Birde Katar 23-27 Ekim tarihlerinde Suudi Arabistan, Kuveyt ve Ürdün’ün de yer aldığı ortak güvenlik tatbikatları düzenledi. Tatbikatlara“vatan”ismi verilerek, 32 bin devlet ve 17 bin de özel güvenlik görevlisinin eğitimi sağlandı. Ayrıca Katar ile Aralık 2017’de imzalanan “Büyük Ölçekli Etkinliklerin Düzenlenmesinde İşbirliği Protokolü” gereğince, Türkiye Polis Akademisi’nde 2020’den itibaren 960 Katar polisine Dünya Kupası hazırlıkları çerçevesinde muhtelif alanlarda eğitimler verildi. Bununla birlikte Katar, güvenlik hususunda NATO, Slovakya ve Romanya gibi ülkelerle de işbirliğine gitti.
Dünya Kupası, Katar’a eğitim, tatbikat, bilgi ve teknoloji aktarımı sayesinde iç güvenlik uzmanlığını pekiştirmek için eşi görülmemiş fırsat sunuyor. Birde bu uluslararası etkinlik, Katar’a kendisini bir“ulus”olarak dünyaya gösterme imkânı veriyor. Güvenlik eğitim ve tatbikatlarına“vatan” adının verilmesi, Katar’ın son 10 yılda açıkça izlediği ulus inşa politikasının sonucu. Katar bu amaçla 2017’de “Ulusal Vizyon 2030” stratejisini benimsemişti. Ülkenin nüfusu 31 Ekim 2022 tarihi itibariyle 3 milyon 200 bin 80 kişi. Ancak nüfusun yüzde 60’ını çalışmak amacıyla ülkede bulunan Hindistanlı, Pakistanlı ve Güney Asyalılar meydana getiriyor. Anlaşıldığı üzere Katarlılar, kendi ülkelerinde azınlıktalar. Böylece Katar’ın ulus inşa politikası daha iyi anlaşılıyor.

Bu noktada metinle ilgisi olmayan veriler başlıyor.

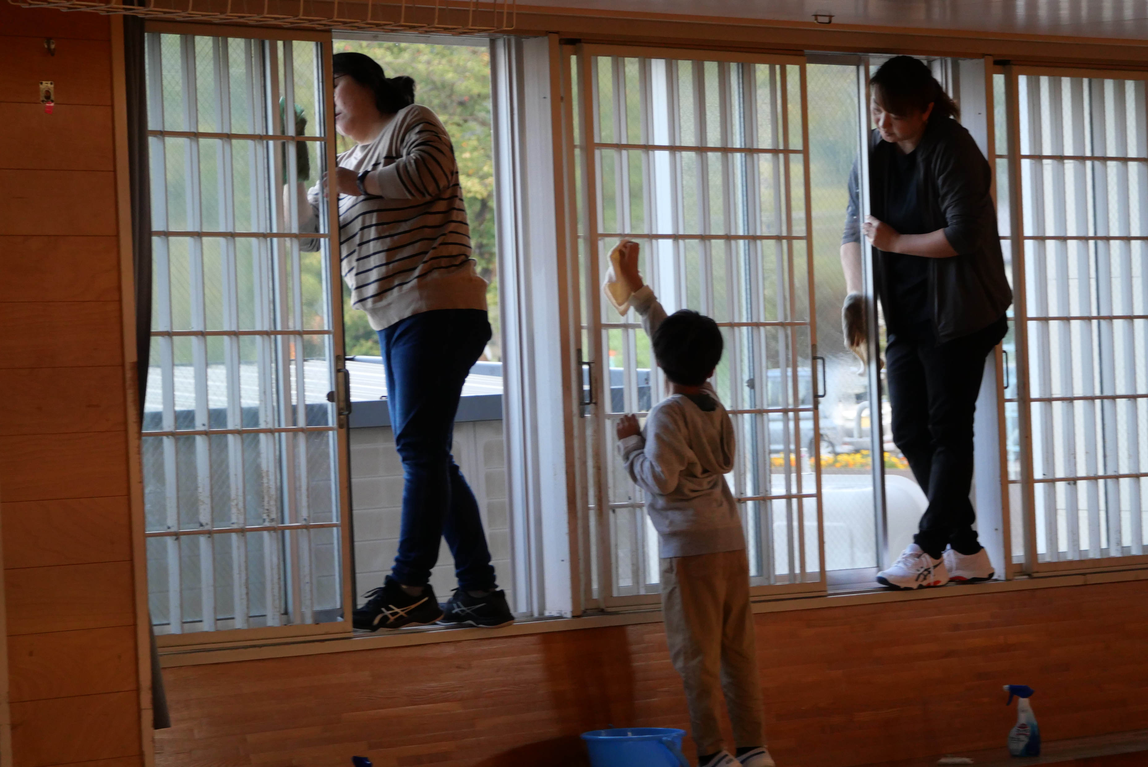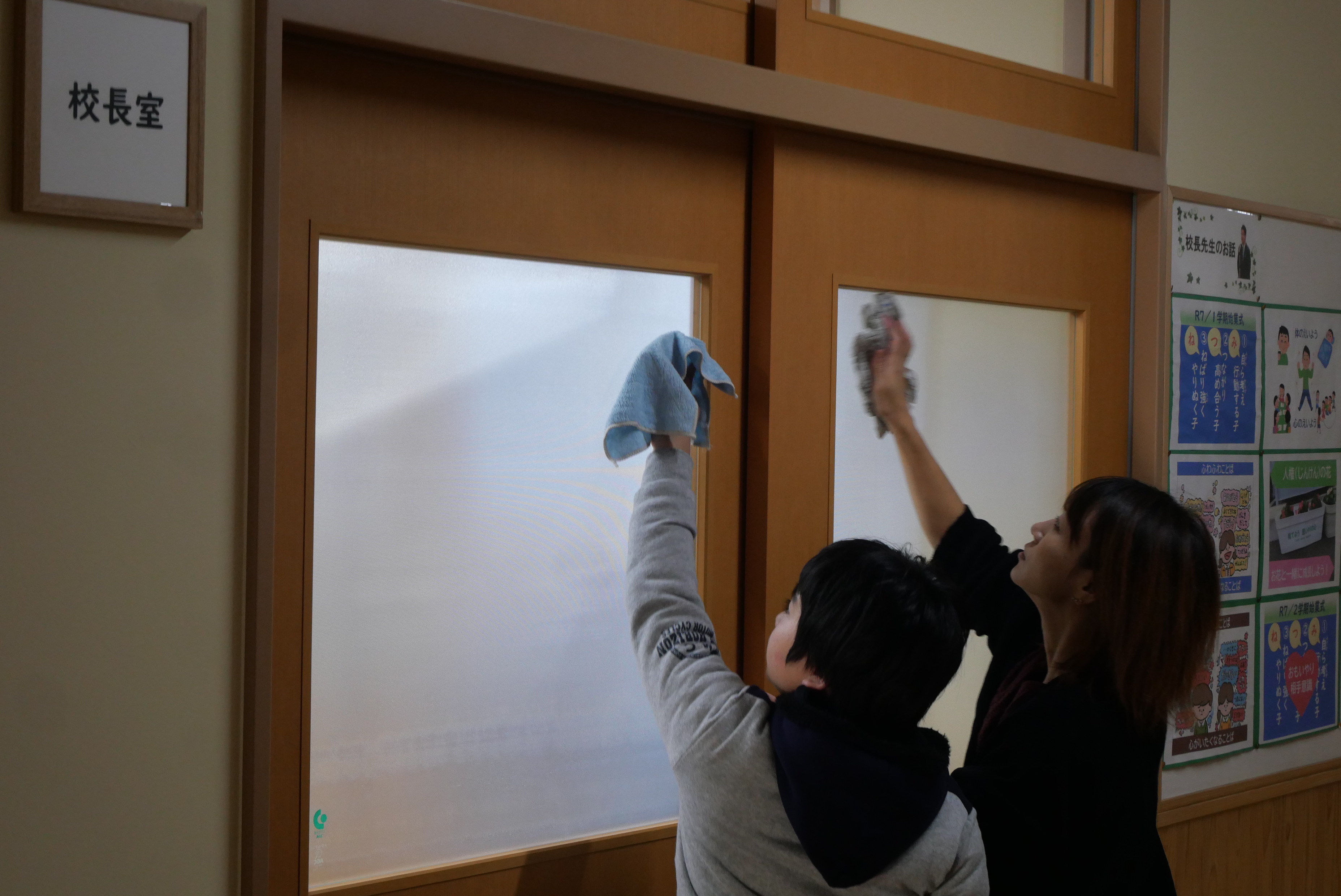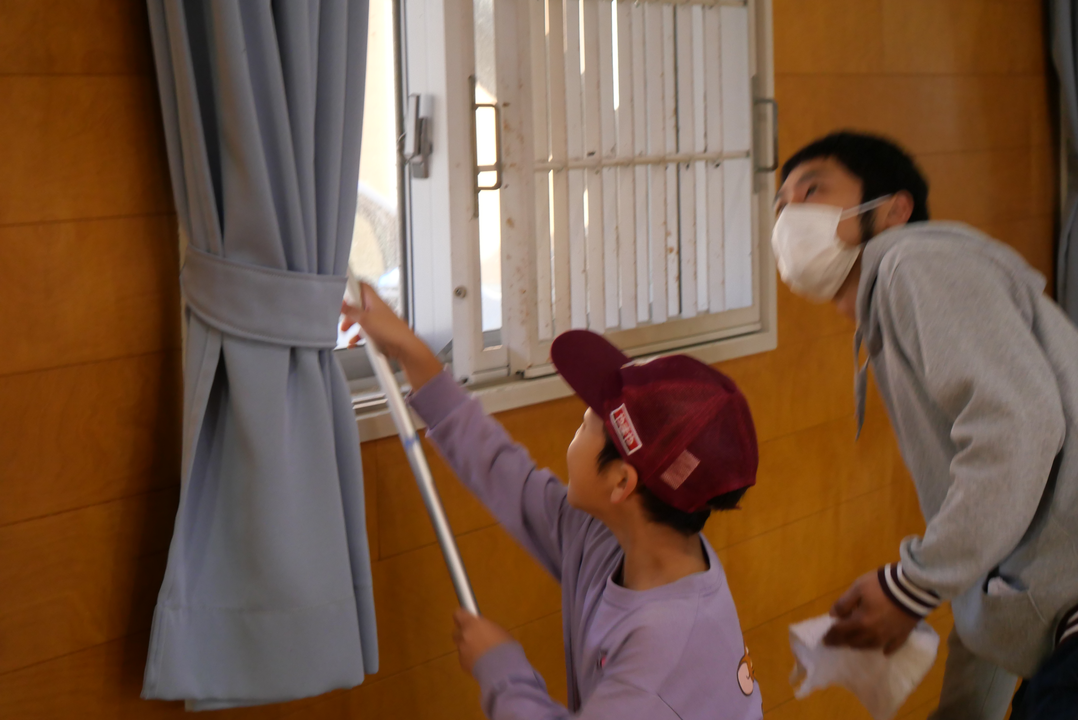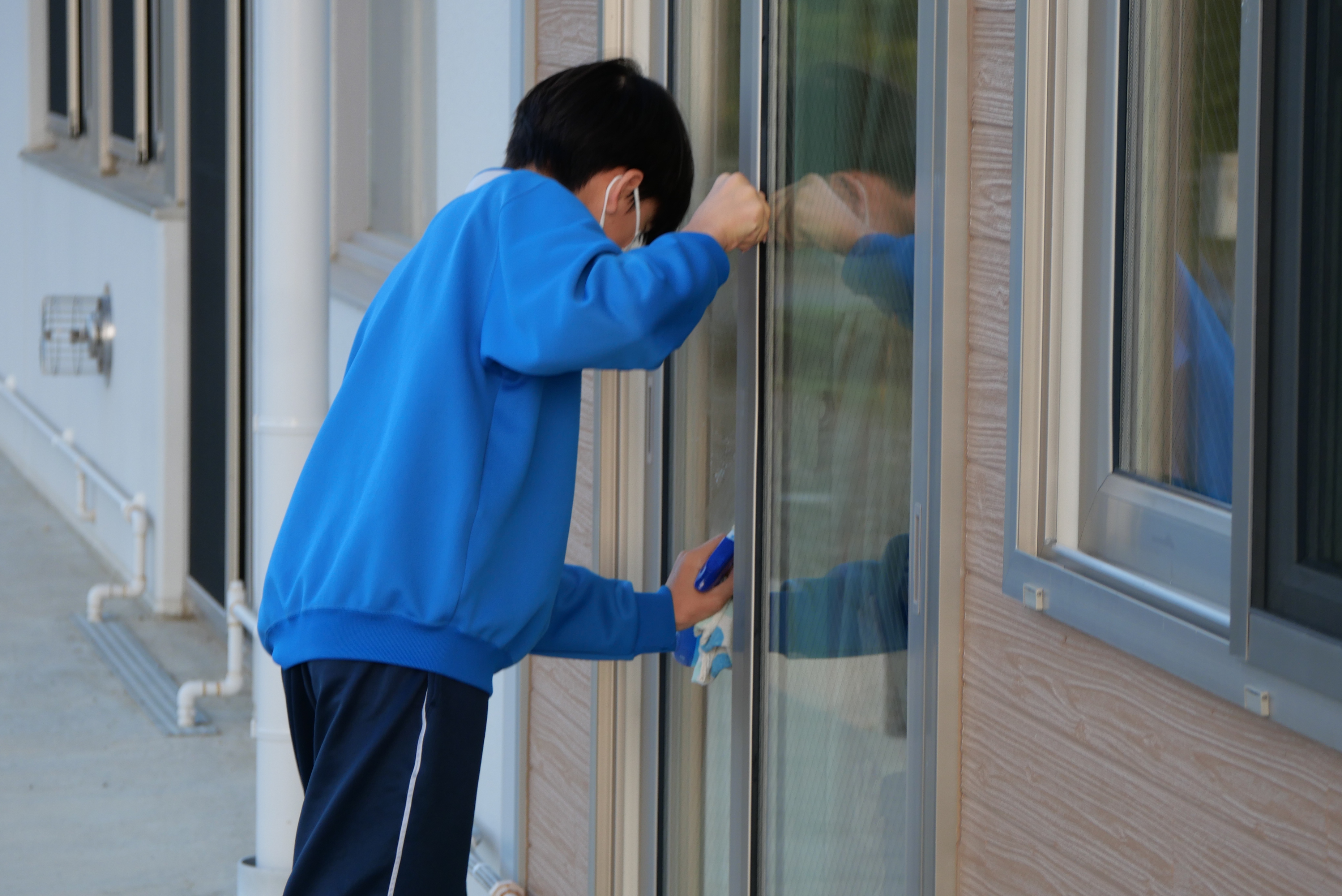 今回は、窓掃除が中心で、窓ガラスや窓の桟をきれいにしていただきました。普段届かない高いところまで、とてもきれいにしていただきました。この環境整備作業に参加してくれた小学生や中学生も、おうちの方の姿に影響を受け、いつも以上に熱心に掃除してくれていたと思います。

Hatta ülkenin Milli Futbol Takımı, ulus inşasının önemli bir örneği. Katar Milli Takımı’nda eskiden beri yabancı oyuncuların yer alması bir “sosyal milliyetçilik” göstergesi. James G. Kellas’a göre “Sosyal milliyetçilik, kendisini ortak kökenden ziyade sosyal bağlar ve kültürle tanımlayan bir ulus milliyetçiliğidir. Sosyal milliyetçilik paylaşılan ulusal kimlik duygusunu, toplumu ve kültürü vurgular. Ancak yabancılar ulusla özdeşleşirlerse ve ulusun özelliklerini benimserlerse ulusa dahil olabilirler”. Eric Hobsbawm da“uluslararası sporcunun bir ulusun geleneklerinin, değerlerinin ve inançlarının ‘birincil ifadesi’ olduğu iddiasındadır”. Dolayısıyla Katar’ın ulus inşa sürecini bir nevî sosyal milliyetçilik üzerinden yürüttüğü de muhtemeldir.

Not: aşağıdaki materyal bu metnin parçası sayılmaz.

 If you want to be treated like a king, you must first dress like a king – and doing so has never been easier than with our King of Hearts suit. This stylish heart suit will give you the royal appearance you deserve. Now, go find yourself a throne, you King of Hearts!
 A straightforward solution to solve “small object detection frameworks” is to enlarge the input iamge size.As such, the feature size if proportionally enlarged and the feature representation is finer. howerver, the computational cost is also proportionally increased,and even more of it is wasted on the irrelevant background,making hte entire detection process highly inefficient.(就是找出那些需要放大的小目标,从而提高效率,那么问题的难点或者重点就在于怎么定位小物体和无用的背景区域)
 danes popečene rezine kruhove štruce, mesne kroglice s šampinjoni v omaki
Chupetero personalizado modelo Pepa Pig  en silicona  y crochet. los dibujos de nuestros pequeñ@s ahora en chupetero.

Dünya Kupası’nın ev sahibi Katar’ın, güvenliği sağlamak için teknik ve uzmanlık yardımı aldığı biliniyor. Ancak nüfusun büyük bölümü Katarlı olmayan sosyo-ekonomik yabancı çalışanlara dayanan Katar’da, toplumsal aidiyet duygusu olmadan güvenliğin de sağlanamayacağı ihtimallerdendir. Bundan dolayı ülkede 2013’te zorunlu askerlik uygulaması getirilmiştir. Hem zorunlu askerlik hem ulus inşa süreci hem de Dünya Kupası hazırlıklarında güvenlik tecrübesinin geliştirilmesi, Katar’ın iç güvenlik yeteneklerinin ve “Vatanseverlik” duygusunun geliştirilmesinde olumlu etkisi yadsınamaz.
Böylece Katar’ın Dünya Kupası üzerinden güvenlik, ulus, vatanseverlik, aidiyet ve toplumsal yapısı gereğince sosyal milliyetçilik inşa ettiği kuvvetle muhtemeldir.